The human genetic blueprint's double helix shape was described in a scientific paper 50 years ago today. However, we are no nearer to definingin law who owns our genes, writes Asim A. Sheikh.
Controversy surrounds the ownership of genes, DNA and human tissue/biological materials. The well-known legal phrase "possession is nine-tenths of the law" denotes the general legal concept that possession is evidence of ownership.
Can it, however, be said that human tissue and genes are materials that can be "owned" once in the possession of any party? If a hospital/researcher obtains a blood sample from a patient/research participant, do they then own that blood sample or the DNA within it?
Can they utilise the sample as they wish and for whatever they wish? For example, can they patent any aspect of that sample and then commercially exploit such a sample? It may seem ridiculous that once any donor gives a blood sample, the hospital could have a proprietary right in that sample since the same substance physically exists inside the donor, who would of course be free to donate another sample to any other party. This, however, is not as ridiculous as it seems, and there is great ambiguity in relation to the medico-legal stance over the ownership and control of human biological materials and genes.
Clearly there can be no claim of ownership over another living human being. That would be slavery and slavery has also been defined as a condition of an unfree person who has no rights and who is in the ownership of his master.
However, if there can be no property in a whole living person, does it stand to reason that there can be no property in any part of a living person? If there were, can it be said that this could equate to some sort of "biological slavery"? Any amount of effort spent pondering the issue of "ownership" in human biological materials with existing law leaves more questions than answers.
The current starting point in looking at the question of control is dependent on the consent a donor gives.

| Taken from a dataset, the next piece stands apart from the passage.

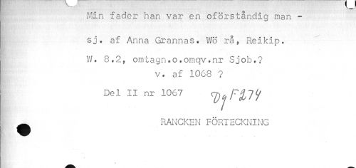//// Kin fader han var en oförståndig man - //// sj. af Anna Grannas» Wö rå, Reikip. //// t W. 8.2, omtagn.o.omqv.nr Sjob.? //// v. af 1068 ? //// Del II nr 1067 ^cjFH^ ^ RANCKEN FÖRTECKNING ////

It is a well-established tenet of law that no medical treatment whatsoever (including the taking of a sample) can be given to any patient without first obtaining their consent.
Where a sample is given by a donor to the hospital or researcher without conditions or qualifications, current legal thought seems to indicate that the donor has either given the sample by way of a gift, or has abandoned the sample.
In this situation, control over that sample is vested in the hospital or researcher, and they may be free to do with that sample as they wish.
In the well-known US case of Moore v the University of California (1990), the patient Moore was diagnosed as suffering from hairy-cell leukaemia. His doctor realised that Moore's cells possessed unique properties that were commercially invaluable. This realisation, however, was never communicated to Moore. The doctor obtained a tissue sample from the spleen to replicate its DNA and on several post-operative visits, the doctor obtained additional and various tissue samples which were used to develop the eventual "invention" (the "Mo-cell line") for which a patent was filed, its inventors being named as the doctor and his associate, and the invention being patented by the university.
An agreement was then entered into with two biotech companies, and the estimated value of this agreement was thought to have exceeded several billion dollars. After repeated inquiries from Moore as to whether there was a financial interest involved, he instituted proceedings against the doctor, the university and the biotech companies.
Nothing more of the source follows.